## [Information given]
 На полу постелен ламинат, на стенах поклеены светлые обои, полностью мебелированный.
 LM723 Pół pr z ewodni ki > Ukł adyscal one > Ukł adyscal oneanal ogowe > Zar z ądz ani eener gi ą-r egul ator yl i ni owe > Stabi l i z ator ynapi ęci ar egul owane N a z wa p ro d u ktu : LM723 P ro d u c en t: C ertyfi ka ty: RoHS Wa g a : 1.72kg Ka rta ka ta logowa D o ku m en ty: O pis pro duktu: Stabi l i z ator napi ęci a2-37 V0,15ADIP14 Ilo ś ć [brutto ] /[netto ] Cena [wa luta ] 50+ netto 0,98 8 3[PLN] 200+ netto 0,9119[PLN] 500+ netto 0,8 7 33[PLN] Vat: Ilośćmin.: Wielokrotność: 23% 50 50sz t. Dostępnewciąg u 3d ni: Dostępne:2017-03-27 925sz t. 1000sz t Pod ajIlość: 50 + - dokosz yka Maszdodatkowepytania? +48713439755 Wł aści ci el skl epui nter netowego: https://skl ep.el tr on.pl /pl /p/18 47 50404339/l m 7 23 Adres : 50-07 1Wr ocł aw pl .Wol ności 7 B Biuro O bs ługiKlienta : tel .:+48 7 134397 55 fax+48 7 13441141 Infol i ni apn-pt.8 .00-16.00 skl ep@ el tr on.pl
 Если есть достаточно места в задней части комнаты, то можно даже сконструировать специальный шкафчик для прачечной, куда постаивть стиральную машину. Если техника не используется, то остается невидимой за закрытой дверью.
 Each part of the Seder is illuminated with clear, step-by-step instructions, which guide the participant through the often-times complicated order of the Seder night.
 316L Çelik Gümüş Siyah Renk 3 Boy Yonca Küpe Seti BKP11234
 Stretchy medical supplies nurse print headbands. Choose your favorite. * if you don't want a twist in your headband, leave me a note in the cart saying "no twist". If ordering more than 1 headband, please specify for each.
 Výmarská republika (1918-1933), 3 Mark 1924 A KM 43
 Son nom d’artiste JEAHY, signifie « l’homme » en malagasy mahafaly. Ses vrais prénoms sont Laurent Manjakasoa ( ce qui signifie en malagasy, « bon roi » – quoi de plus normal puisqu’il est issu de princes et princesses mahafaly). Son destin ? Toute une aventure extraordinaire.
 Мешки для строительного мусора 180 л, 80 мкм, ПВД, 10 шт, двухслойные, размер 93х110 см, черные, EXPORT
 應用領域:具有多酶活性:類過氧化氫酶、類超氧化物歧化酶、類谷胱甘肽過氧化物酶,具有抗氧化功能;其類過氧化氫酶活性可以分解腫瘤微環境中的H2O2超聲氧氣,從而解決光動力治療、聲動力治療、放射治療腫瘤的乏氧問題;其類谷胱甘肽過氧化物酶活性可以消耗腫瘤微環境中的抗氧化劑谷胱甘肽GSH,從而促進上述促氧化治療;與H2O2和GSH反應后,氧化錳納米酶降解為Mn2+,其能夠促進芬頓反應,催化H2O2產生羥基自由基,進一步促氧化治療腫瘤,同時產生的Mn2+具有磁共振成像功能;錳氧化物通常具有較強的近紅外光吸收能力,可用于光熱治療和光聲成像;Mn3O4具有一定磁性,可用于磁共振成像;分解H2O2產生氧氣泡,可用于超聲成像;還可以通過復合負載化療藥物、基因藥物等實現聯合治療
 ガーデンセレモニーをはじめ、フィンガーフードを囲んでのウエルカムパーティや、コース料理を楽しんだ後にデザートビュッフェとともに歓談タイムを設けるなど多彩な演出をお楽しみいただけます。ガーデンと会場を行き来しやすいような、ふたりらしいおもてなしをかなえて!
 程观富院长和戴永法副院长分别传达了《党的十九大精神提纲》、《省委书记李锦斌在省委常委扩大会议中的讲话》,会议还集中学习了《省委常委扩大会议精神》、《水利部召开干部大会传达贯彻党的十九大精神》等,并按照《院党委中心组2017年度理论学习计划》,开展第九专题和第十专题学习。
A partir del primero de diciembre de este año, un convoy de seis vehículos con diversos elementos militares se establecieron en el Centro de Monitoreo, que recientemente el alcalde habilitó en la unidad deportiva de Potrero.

## [Your objective]
Copy every entry exactly, leaving nothing out.

## [Written answer]
 На полу постелен ламинат, на стенах поклеены светлые обои, полностью мебелированный.
 LM723 Pół pr z ewodni ki > Ukł adyscal one > Ukł adyscal oneanal ogowe > Zar z ądz ani eener gi ą-r egul ator yl i ni owe > Stabi l i z ator ynapi ęci ar egul owane N a z wa p ro d u ktu : LM723 P ro d u c en t: C ertyfi ka ty: RoHS Wa g a : 1.72kg Ka rta ka ta logowa D o ku m en ty: O pis pro duktu: Stabi l i z ator napi ęci a2-37 V0,15ADIP14 Ilo ś ć [brutto ] /[netto ] Cena [wa luta ] 50+ netto 0,98 8 3[PLN] 200+ netto 0,9119[PLN] 500+ netto 0,8 7 33[PLN] Vat: Ilośćmin.: Wielokrotność: 23% 50 50sz t. Dostępnewciąg u 3d ni: Dostępne:2017-03-27 925sz t. 1000sz t Pod ajIlość: 50 + - dokosz yka Maszdodatkowepytania? +48713439755 Wł aści ci el skl epui nter netowego: https://skl ep.el tr on.pl /pl /p/18 47 50404339/l m 7 23 Adres : 50-07 1Wr ocł aw pl .Wol ności 7 B Biuro O bs ługiKlienta : tel .:+48 7 134397 55 fax+48 7 13441141 Infol i ni apn-pt.8 .00-16.00 skl ep@ el tr on.pl
 Если есть достаточно места в задней части комнаты, то можно даже сконструировать специальный шкафчик для прачечной, куда постаивть стиральную машину. Если техника не используется, то остается невидимой за закрытой дверью.
 Each part of the Seder is illuminated with clear, step-by-step instructions, which guide the participant through the often-times complicated order of the Seder night.
 316L Çelik Gümüş Siyah Renk 3 Boy Yonca Küpe Seti BKP11234
 Stretchy medical supplies nurse print headbands. Choose your favorite. * if you don't want a twist in your headband, leave me a note in the cart saying "no twist". If ordering more than 1 headband, please specify for each.
 Výmarská republika (1918-1933), 3 Mark 1924 A KM 43
 Son nom d’artiste JEAHY, signifie « l’homme » en malagasy mahafaly. Ses vrais prénoms sont Laurent Manjakasoa ( ce qui signifie en malagasy, « bon roi » – quoi de plus normal puisqu’il est issu de princes et princesses mahafaly). Son destin ? Toute une aventure extraordinaire.
 Мешки для строительного мусора 180 л, 80 мкм, ПВД, 10 шт, двухслойные, размер 93х110 см, черные, EXPORT
 應用領域:具有多酶活性:類過氧化氫酶、類超氧化物歧化酶、類谷胱甘肽過氧化物酶,具有抗氧化功能;其類過氧化氫酶活性可以分解腫瘤微環境中的H2O2超聲氧氣,從而解決光動力治療、聲動力治療、放射治療腫瘤的乏氧問題;其類谷胱甘肽過氧化物酶活性可以消耗腫瘤微環境中的抗氧化劑谷胱甘肽GSH,從而促進上述促氧化治療;與H2O2和GSH反應后,氧化錳納米酶降解為Mn2+,其能夠促進芬頓反應,催化H2O2產生羥基自由基,進一步促氧化治療腫瘤,同時產生的Mn2+具有磁共振成像功能;錳氧化物通常具有較強的近紅外光吸收能力,可用于光熱治療和光聲成像;Mn3O4具有一定磁性,可用于磁共振成像;分解H2O2產生氧氣泡,可用于超聲成像;還可以通過復合負載化療藥物、基因藥物等實現聯合治療
 ガーデンセレモニーをはじめ、フィンガーフードを囲んでのウエルカムパーティや、コース料理を楽しんだ後にデザートビュッフェとともに歓談タイムを設けるなど多彩な演出をお楽しみいただけます。ガーデンと会場を行き来しやすいような、ふたりらしいおもてなしをかなえて!
 程观富院长和戴永法副院长分别传达了《党的十九大精神提纲》、《省委书记李锦斌在省委常委扩大会议中的讲话》,会议还集中学习了《省委常委扩大会议精神》、《水利部召开干部大会传达贯彻党的十九大精神》等,并按照《院党委中心组2017年度理论学习计划》,开展第九专题和第十专题学习。
A partir del primero de diciembre de este año, un convoy de seis vehículos con diversos elementos militares se establecieron en el Centro de Monitoreo, que recientemente el alcalde habilitó en la unidad deportiva de Potrero.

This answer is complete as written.